Now, with previous books that I've said that didn't sound like they should have but it worked because of the experiences life threw at them too young? Or ones that sounded older, but worked? This isn't an example. Eden does have a story, and yeah, it's a sad one, but she didn't sound sad, at all.  The older voice didn't come off well, and just perceived Eden thinking she was better than the others and a little snobby, it doesn't help that she never really voluntarily interacted with them, either. Also, it might have been a little less weird if she actually had obligations. She lived with an aunt she didn't necessarily like and with friends she wasn't that bothered about.

The romance situation. We have the typical  best-friend-is-a-guy-and-is-secretly-in-love-with-her-but-she-too-dumb-to-notice, or let's call it YA ground hog day. Then there's the almost insta-love, that doesn't turn out to be insta-love, that kind of tortures you the whole book, with no chemistry whatsoever, and eventually when they did kiss...you were so over it, it kind of just faded out.

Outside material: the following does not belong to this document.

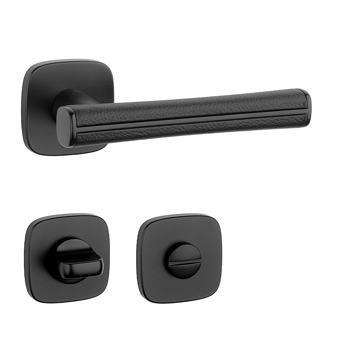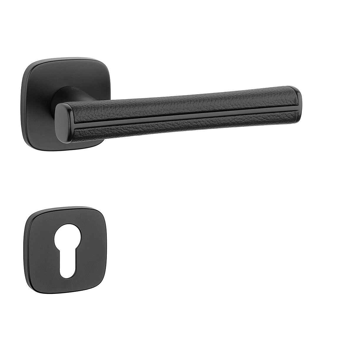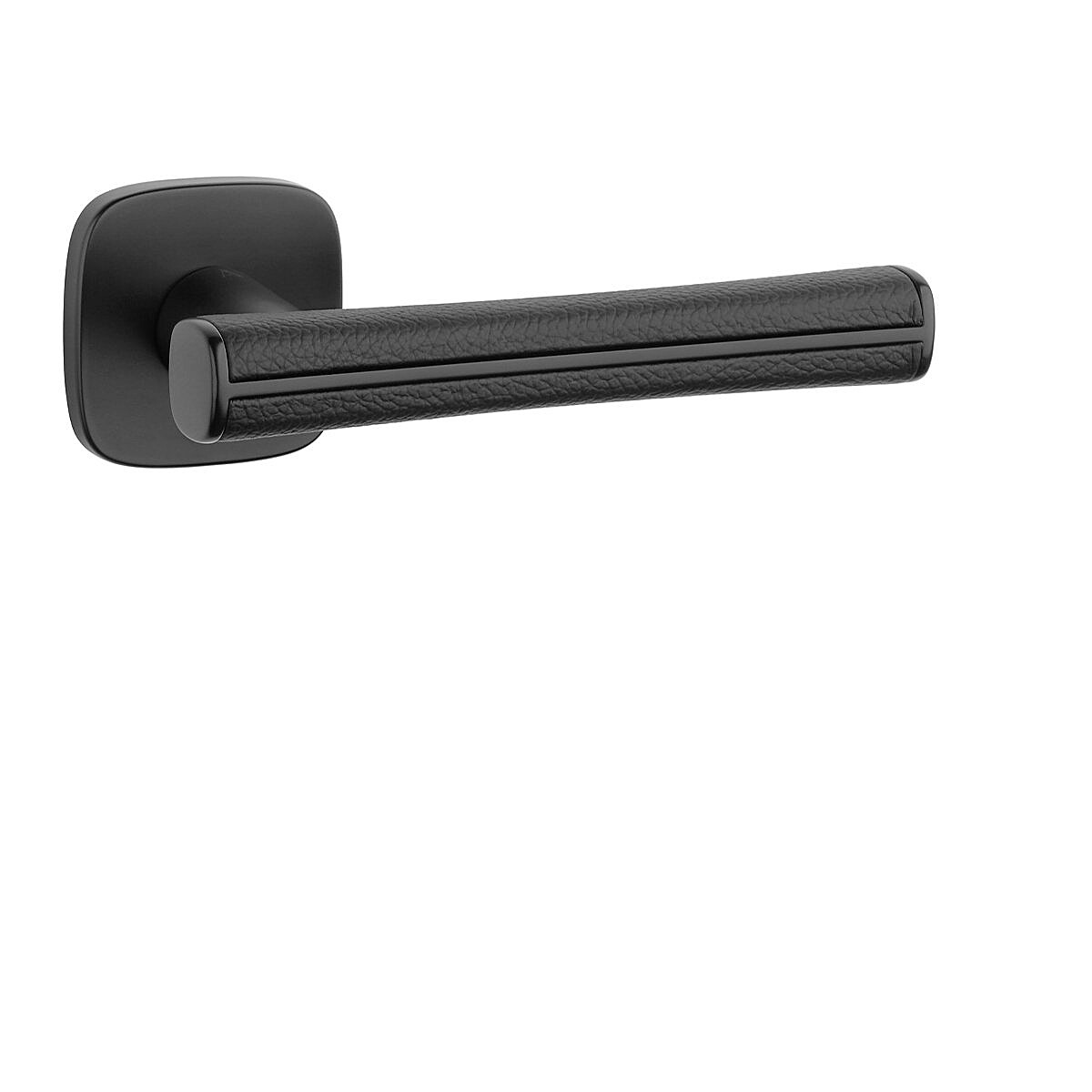 Rozeta za notranja vrata s kvadratno, zaobljeno rozeto je izdelana iz visokokakovostnih materialov - zamaka in ima površinsko obdelavo. Poseben učinek ustvarja črno usnje, ki obdaja ročaj ročaja.

Let's talks about the plot, or therefore lack of one, everything seems a little quick and too coincidental, and then it seemed most of it had gotten forgotten throughout, with just little pieces to keep it together. There were also a lot of filler chapters that really provided nothing and were quite useless. I won't spoil it, since I am trying to post this spoiler free to an extent of what you already know, but it wasn't original, as I said. I've read a few this year that were a lot stronger than After Eden, and when the characters aren't the strongest part of a book, then the plot has to be- or it falls apart. I wouldn't say After Eden fell apart because it  was there, the potential, if the story wasn't focused on the will-they- wont-they between the two main characters. So there was nothing that held me captive. the characters weren't strong. That twist wasn't even a twist, you could see it coming, it wasn't a surprise, it wasn't even not predictable, and that ending...

Ugh, I really dreaded writing this review, because I get so frustrated and I hate writing reviews like this, especially when it's one that you were looking forward to, that sounded right up your alley, but didn't work at all.
After Eden is a fast read with a fast pace and an interesting prose but it lacked plot, character depth, a voice and ultimately, something that was distinctive between its competitors.